The Content-MD5 Header Field
RFC 1864 describes the Content-MD5
header field. The MD5 algorithm is used to generate a hash for each component of the message and that hash is included in the Content-MD5
header field.
Sounds pretty simple, right? Well, the devil’s in the details (although, in this case, it’s not particularly devilish). The MD5 algorithm produces a 128 bit digest. These bits are translated into 16 bytes (or octets). And those bytes are then Base64 encoded. The final result is a 24 character string (including padding).
First let’s explore this in the shell.
MD5 & Base64 in the Shell
The md5sum
command-line tool can be used to generate an MD5 hash. What’s the MD5 hash for a simple “Hello, World!” message?
echo "Hello, World!" | md5sum
bea8252ff4e80f41719ea13cdf007273 -
Superficially this looks good, but there’s a subtlety that could trip us up: echo
will implicitly append a line feed character to the end of the message. And that also gets factored into the hash. We don’t want that. The -n
flag will suppress the trailing line feed.
echo -n "Hello, World!" | md5sum
65a8e27d8879283831b664bd8b7f0ad4 -
Now we can Base64 encode the result.
echo -n "Hello, World!" | md5sum | base64
NjVhOGUyN2Q4ODc5MjgzODMxYjY2NGJkOGI3ZjBhZDQgIC0K
Okay, hold on. The result was supposed to be only 24 characters long. Something’s not right.
The problem is that we are Base64 encoding the characters in the hexadecimal representation of the bytes rather than the bytes themselves. We’re going to need different tools.
echo -n "Check Integrity!" | base64
Q2hlY2sgSW50ZWdyaXR5IQ==
I’m still not quite sure what the point of that was.
The openssl
tool can also be used to generate an MD5 hash. And it can do the Base64 encoding too. Let’s start with the MD5 hash.
echo -n "Hello, World!" | openssl dgst -md5
MD5(stdin)= 65a8e27d8879283831b664bd8b7f0ad4
That’s consistent with the earlier result. Now, we’ll use the -binary
flag to get binary output (a series of bytes rather than the hexadecimal representation of those bytes). We’ll pipe that back into openssl
again and then do the Base64 encoding.
echo -n "Hello, World!" | openssl dgst -md5 -binary | openssl enc -base64
ZajifYh5KDgxtmS9i38K1A==
Count the characters? There are 24, just as required.
Now Repeat in R
How about repeating the process now in R? The {digest}
library has a function for producing an MD5 hash (along with a bunch of other digest types).
library(digest)
library(base64enc)
Let’s generate the MD5 hash for the same message.
digest("Hello, World!", algo = "md5", serialize = FALSE)
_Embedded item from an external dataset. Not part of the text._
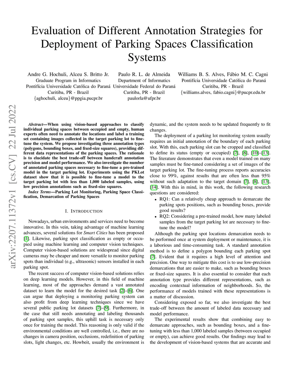Evaluation of Different Annotation Strategies for Deployment of Parking

[1] "65a8e27d8879283831b664bd8b7f0ad4"
Let’s take the long way around getting the required hash. First, we’ll break the hash down into a series of two-digit hexadecimal numbers.
hash <- digest("Hello, World!", algo = "md5", serialize = FALSE) %>%
substring(
first = seq(1, nchar(.), 2),
last = seq(2, nchar(.), 2)
)
[1] "65" "a8" "e2" "7d" "88" "79" "28" "38" "31" "b6" "64" "bd" "8b" "7f" "0a" "d4"
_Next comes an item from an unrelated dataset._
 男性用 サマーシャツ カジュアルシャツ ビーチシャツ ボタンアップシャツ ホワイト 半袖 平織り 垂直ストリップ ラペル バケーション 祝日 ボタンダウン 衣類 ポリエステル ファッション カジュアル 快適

Now convert each of those to an integer. The 16
is for base 16 (hexadecimal).
hash <- strtoi(hash, 16)
[1] 101 168 226 125 136 121 40 56 49 182 100 189 139 127 10 212
Finally, Base64 encode those bytes!
base64encode(hash)
[1] "ZajifYh5KDgxtmS9i38K1A=="
As edifying as that was, it was a most circuitous route. Fortunately, we can get there more directly.
digest("Hello, World!", algo = "md5", serialize = FALSE, raw = TRUE) %>%
base64encode()
[1] "ZajifYh5KDgxtmS9i38K1A=="
MD5 in {emayili}
This functionality has now been baked into {emayili}
.
library(emayili)
options(envelope.details = TRUE)
options(envelope.invisible = FALSE)
packageVersion("emayili")
[1] '0.6.1'
We’ll try it out using the same simple message.
envelope() %>%
text("Hello, World!")
Date: Sun, 08 Sep 2024 06:49:01 GMT
X-Mailer: {emayili}-0.9.1
MIME-Version: 1.0
Content-Type: text/plain;
charset=utf-8;
format=flowed
Content-Transfer-Encoding: 7bit
Content-MD5: ZajifYh5KDgxtmS9i38K1A==
Hello, World!
The Content-MD5
header field contains the Base64 encoded MD5 hash of the message body. With that you can verify that the message content has not been modified (although you’ll probably leave this to your mail client).